Postby GregoYatzee » Sun Oct 02, 2016 10:25 am

Ranchero50 wrote:I'll be honest, when reading this thread my eye go crossways. 22-30 volts doesn't make sense. At that voltage you would be cooking batteries and having other serious issues. I don't know what the answer is but you are going to need to dig through your wiring and find what's melted together.

What is your battery voltage across the terminals when shut down overnight and then when running?


Yeah, my eyes have rolled back into my head a few times...(especially when I have hit it on the hood latch...)

The voltage at battery overnight is 12.6 when I have charged it. Right now, it's about 12.4 from my starting it yesterday. The battery has been protected by the fuse. The high voltage reading is from the large gauge wire from alternator to the solenoid.I leave fuse out and start remotely (as ignition switch will not work without this connection.) When running in this state, voltage is high.
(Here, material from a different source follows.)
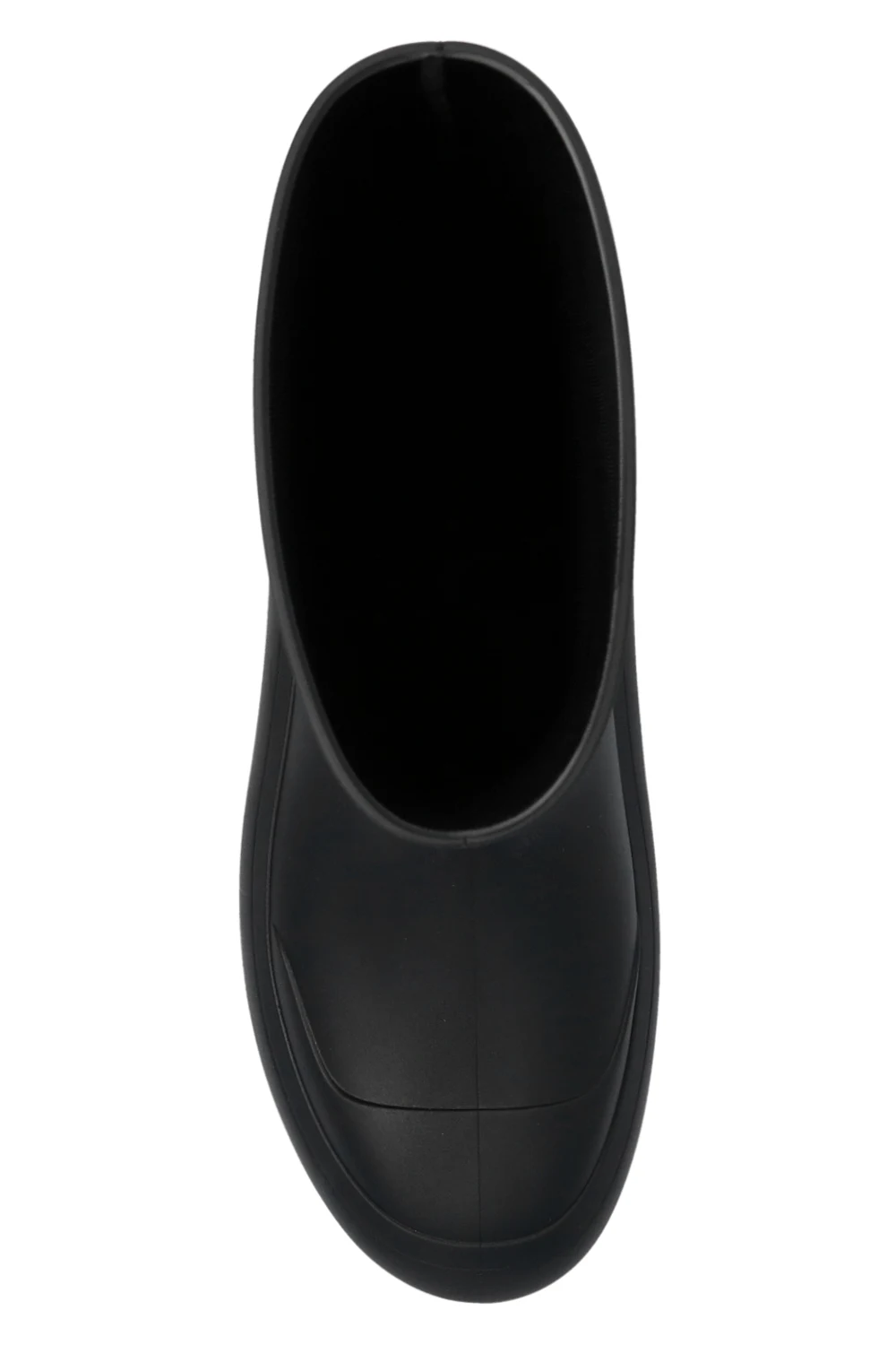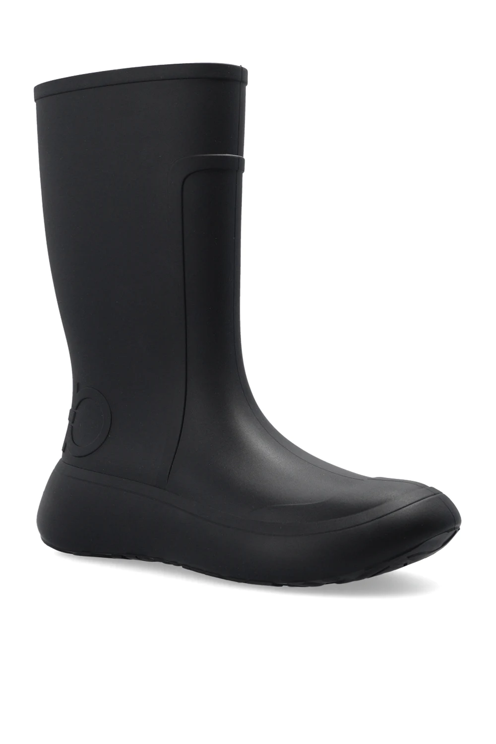 Czarne kalosze Salvatore Ferragamo. Wykonane z gumy pochodzącej z recyklingu. Z tyłu ozdobione motywem ‘Gancini’. Czarna, gumowa podeszwa.
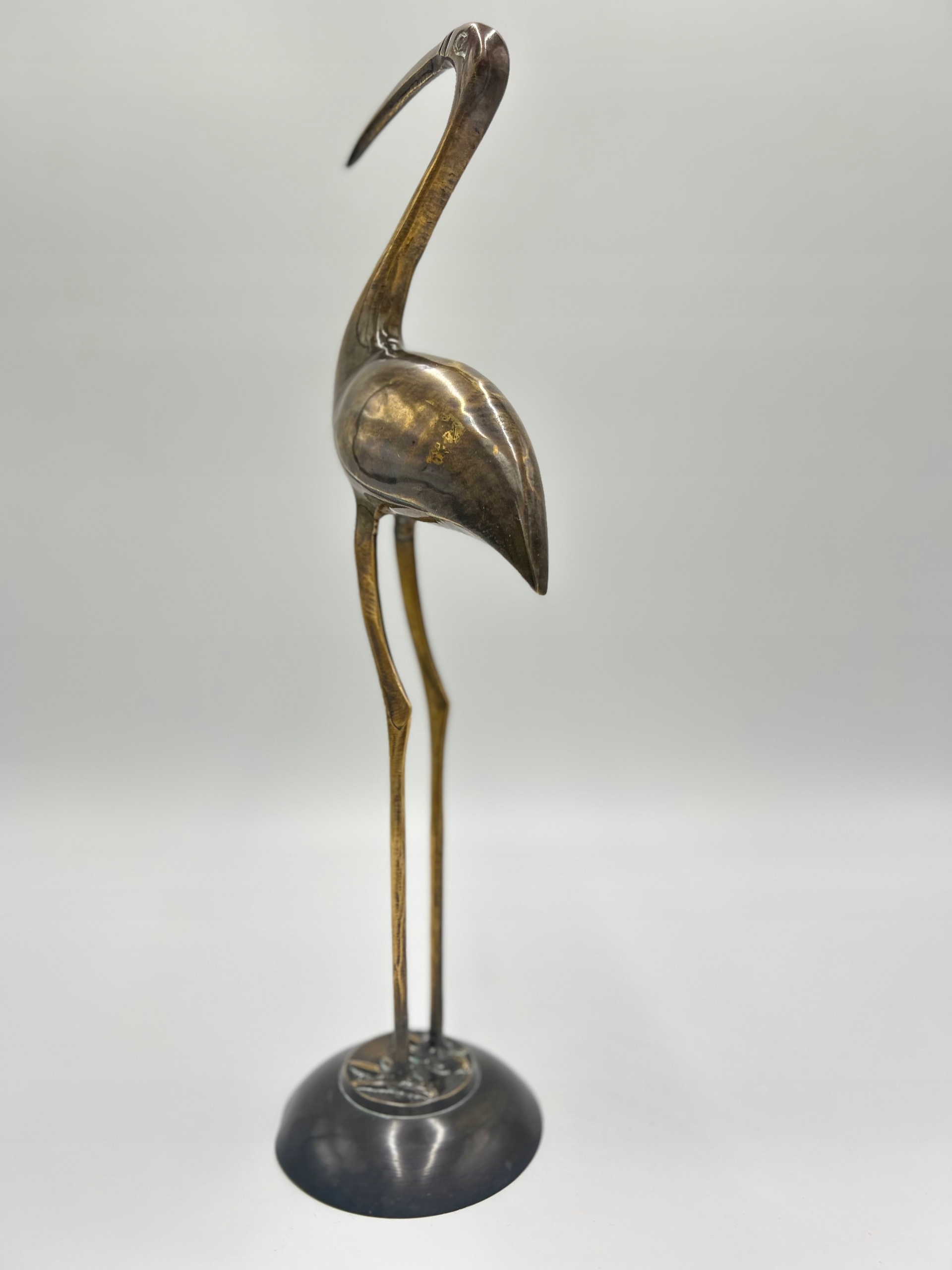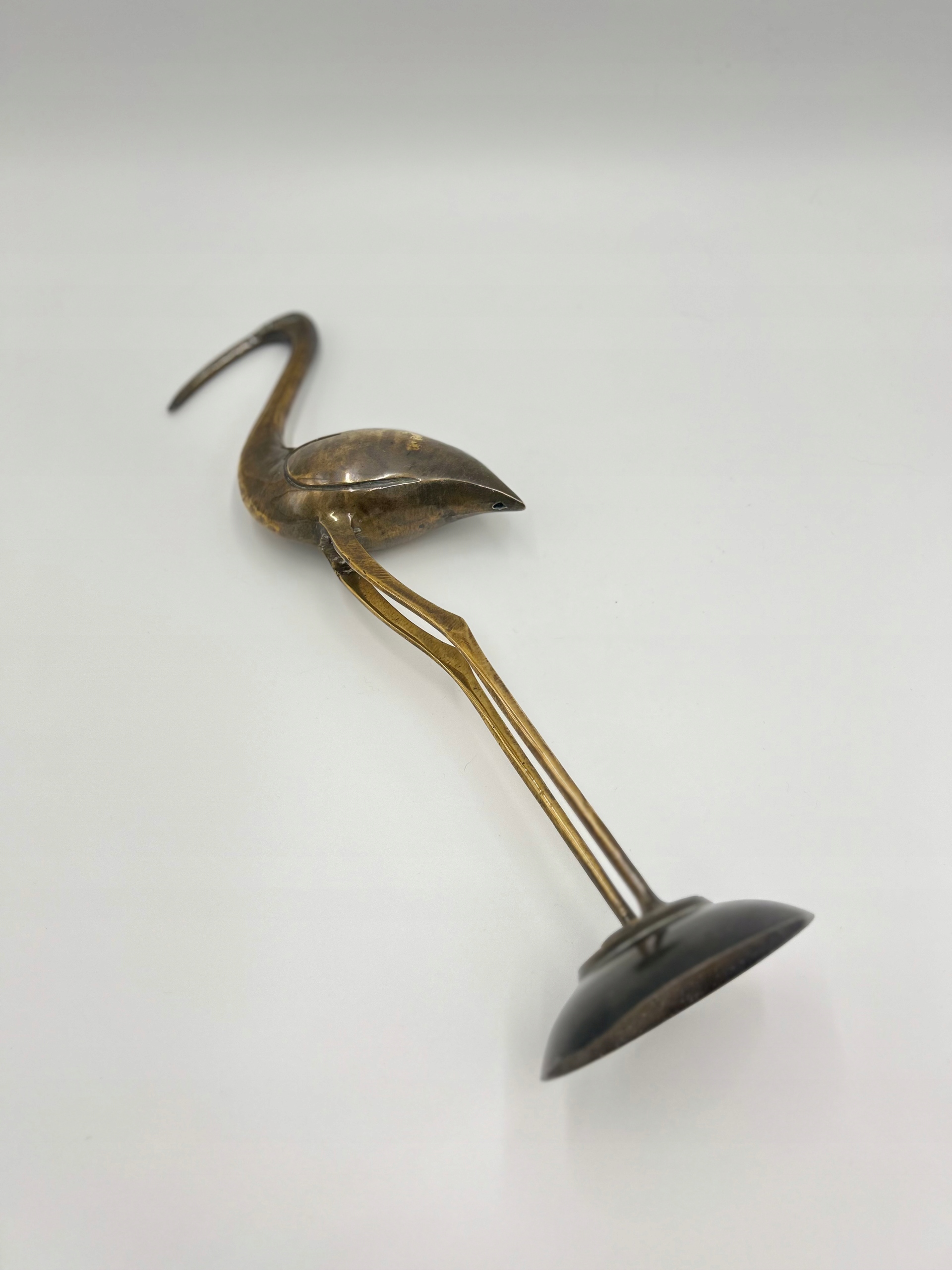 Тема продажи - высокая фигура из латуни, изображающая птицу - шляпу.

When I jumper the vr, it goes higher.

The only wire that had ANY damage was the ground from the alternator to vr mount bolt. Replaced that yesterday. I also replaced the resistor wire. There was slight heat marking on it, but it still tested good. All other wiring I have removed from wrapping has been clean, smooth and intact. Every wire I have tested, has tested proper continuity and/or resistance.

I will make and post a vid to youtube today and post it here showing the process I have been using.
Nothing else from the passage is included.